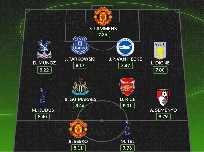 - 英超 | 外媒评英超第7轮最佳阵容:曼联、热刺两人入选,赖斯在列
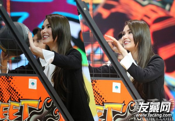 现场表演投篮,玩的很开心呢,侧面看这款发型,长刘海很好的修饰了脸型,让原本大脸的昆凌看起来也像瓜子脸了。
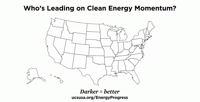 So, all together, those pieces gave us Clean Energy Momentum: Ranking State Progress. And when we put it together and looked at the numbers, here’s what we found.
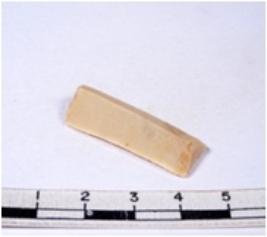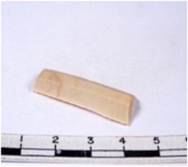| Description / विवरण | A fragment of a rectangular shaped chert blade showing dorsal sides with sharp edges having smooth surface and triangular section. |
⁂
§ **AIM OF THE EXERCISE**
The task calls for repeating each line above exactly while excluding the pictures.

§ **EXERCISE ANSWER**
 - 英超 | 外媒评英超第7轮最佳阵容:曼联、热刺两人入选,赖斯在列
 现场表演投篮,玩的很开心呢,侧面看这款发型,长刘海很好的修饰了脸型,让原本大脸的昆凌看起来也像瓜子脸了。
 So, all together, those pieces gave us Clean Energy Momentum: Ranking State Progress. And when we put it together and looked at the numbers, here’s what we found.
| Description / विवरण | A fragment of a rectangular shaped chert blade showing dorsal sides with sharp edges having smooth surface and triangular section. |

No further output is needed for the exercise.